*** Provided data Section Begins ***

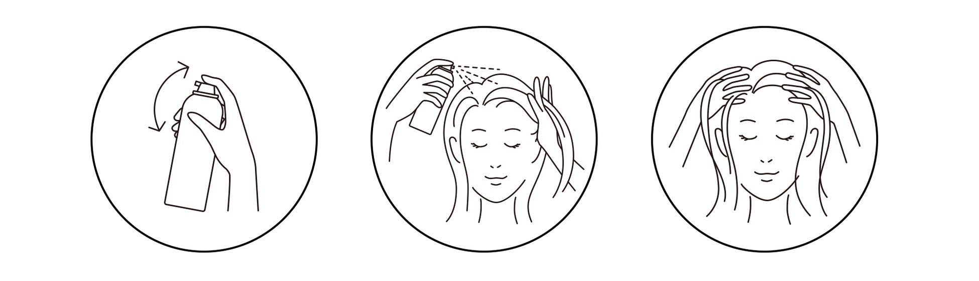STEP 2. 15〜20cmはなし、 髪を小分けにしながら頭皮、髪の根元に向かって適量をスプレーします。
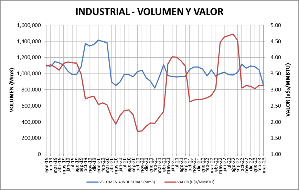 El valor del gas natural con dirección al sector industrial bajó un 0,32% en marzo de 2023 respecto a febrero de 2023.
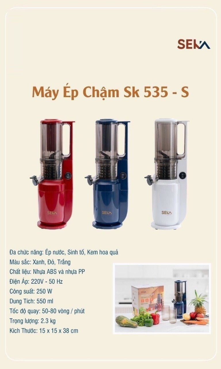 Cuộc sống hiện đại bận rộn khiến nhiều người không có thời gian để chuẩn bị những bữa ăn đầy đủ dinh dưỡng. Nước ép trái cây, rau củ là giải pháp tiện lợi giúp bổ sung vitamin và khoáng chất thiết yếu cho cơ thể. Tuy nhiên, việc sử dụng máy ép thông thường có thể làm mất đi một phần dưỡng chất và hương vị của trái cây. Máy ép chậm SEKA SK535S ra đời chính là để giải quyết vấn đề này.

*** Provided data Section Ends ***

What you have to do: Write out the data word for word, with every picture dropped.

Answer space:
STEP 2. 15〜20cmはなし、 髪を小分けにしながら頭皮、髪の根元に向かって適量をスプレーします。
 El valor del gas natural con dirección al sector industrial bajó un 0,32% en marzo de 2023 respecto a febrero de 2023.
 Cuộc sống hiện đại bận rộn khiến nhiều người không có thời gian để chuẩn bị những bữa ăn đầy đủ dinh dưỡng. Nước ép trái cây, rau củ là giải pháp tiện lợi giúp bổ sung vitamin và khoáng chất thiết yếu cho cơ thể. Tuy nhiên, việc sử dụng máy ép thông thường có thể làm mất đi một phần dưỡng chất và hương vị của trái cây. Máy ép chậm SEKA SK535S ra đời chính là để giải quyết vấn đề này.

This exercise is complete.